When a culture explores global issues it deploys a cultural empathy, using one’s own culture to understand that of another (Lovers). The same could be said of how we individually experience and express the world (World).

However, we run the risk of ragged individualism, and could reinforce poor social conditions. Individualism means that we have to be able to utilise the tools of psychological self-regulation of the human potential, this in turn breeds an alternative view of self which can receive a kind of spectacle or sense of ostracisation.

Groups and circles sprang up to address the issues for people who felt they were living in the margins, tackling internalised oppression, at the same time mass activism waned and self-help books flourished.

Therapy culture had its foibles.

A less attractive aspect is the de-politicisation of empathy and relativity towards cultural and embodied distress. This heightened idea around structural causes of inequalities and the administration of power got in the way of the development of brand me.

Everyday psychology and therapies have served the Neo liberal ideology very well. Encouraging individuals to be responsible for their own autonomy and behaviour. CBT, for example, provided a window to view personality traits which did not fit with the free market, material environments and belief systems, did this amplify or negate mental stress, poverty or hopelessness?

We live in a world that pushes us ever deeper into isolation and discrimination.

This is fuelled by a media that shapes our inner landscape thus reproducing the phenomena in the exoteric. Therapy culture provides a helpful solution to the problem, it begs the question: are therapists and coaches and consultants actually exponents of the self or are they marionettes of the media and political circus? (3 of Swords).

How conscious are we of the drive to ‘help’ others, which, frankly, is never a good idea!

It could be true to say that therapists are the great enablers of Neo liberalism. All the while we were thinking that we are empowering and enabling the individual, when in fact we were creating comfort zones to abide in a cultural norm. We became the Hierophant, a new style of dogma is once more the soma for the masses, not only that but it puts people like Trump in power and keeps them there (7 of Pentacles).

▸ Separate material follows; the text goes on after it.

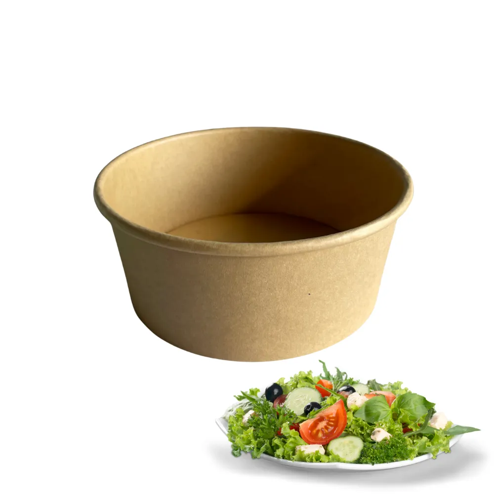 Kerek salátás tál 750 ml, kraft papír- 50 db | Zsírálló, környezetbarát elviteles tál

Psychocentrism operates within the parameters of change; we are witnessing a call for change. This could be the natural order of things yet there are many mixed messages to contend with, as a collective to find strength but the individual, or at least the individual that can operate in a free market is the likeliest to succeed. Trump and others like him are there because he represents something deep within that has percolated to the surface to find expression.

Self made man is all very well, as is the utilitarian view of serving the greater good but the individual has to see that this operates on many levels. Homogeny dictates the two, self and greater good, us and them, will not entwine. A new kind of hero is born.

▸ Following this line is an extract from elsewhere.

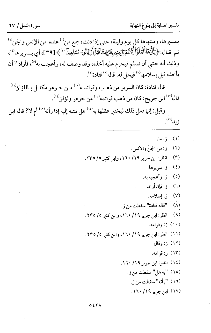 بمسيرها، ومنهاها كل يوم وليلة، حتى إذا دنت، جمع من عنده من الإنس والجن ثم قال: {يا أيها الملأ أَيُّكُمْ يَأْتِينِي بِعَرْشِهَا قَبْلَ أَن يَأْتُونِي مُسْلِمِينَ}، أي بسريرها، وذلك أنه خشي أن تسلم فيحرم عليه أخذه، وقد وصف له، وأعجب به، فأراد أن يأخذه قبل إسلامها فيحل له. قاله قتادة.

I think that there is a need for the radicalisation of therapy goals.

Attention must be paid to the fact that therapy does not create new paradigms but merely sustains the status quo. When we talk about ‘living the dream’, whose dream are we referring to?

Good therapy revitalises the tools we are given to thrive and strive and to live the life we were born to. This is not a new concept, but there is room for change. Perhaps anarchy is called for but this anarchy has to start within. Change can’t happen from the outside, it has to emerge from the spirit.

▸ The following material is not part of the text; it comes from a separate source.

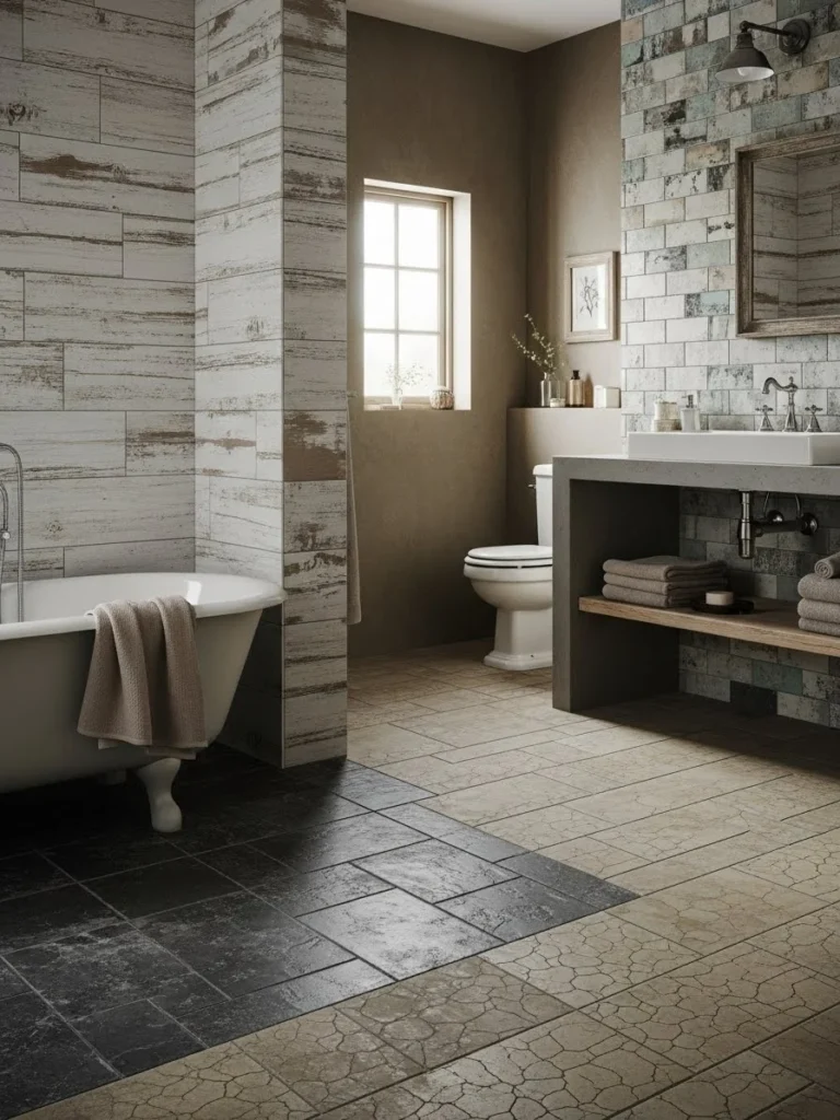 20. Rustic farmhouse bathroom tile inspiration using distressed textures

Art and the counterculture will offer moments for reflection.

Great art emerges from the angry and marginalised, the artist carries the actual wound of the cultural psyche. Public art and self-empowerment balance out the opposing factors. Will therapies, like art, redeem itself by becoming the activist?

At this time it is perhaps prudent to see Brand me as an illusion, our focus might be Brand us. Personal achievement is collective achievement.

We are here to do the great work. It is not about who is right but what is right. As our calling gets stronger, so must our awareness, when we hold the energy for another, it must be our finest work of art (Temperance).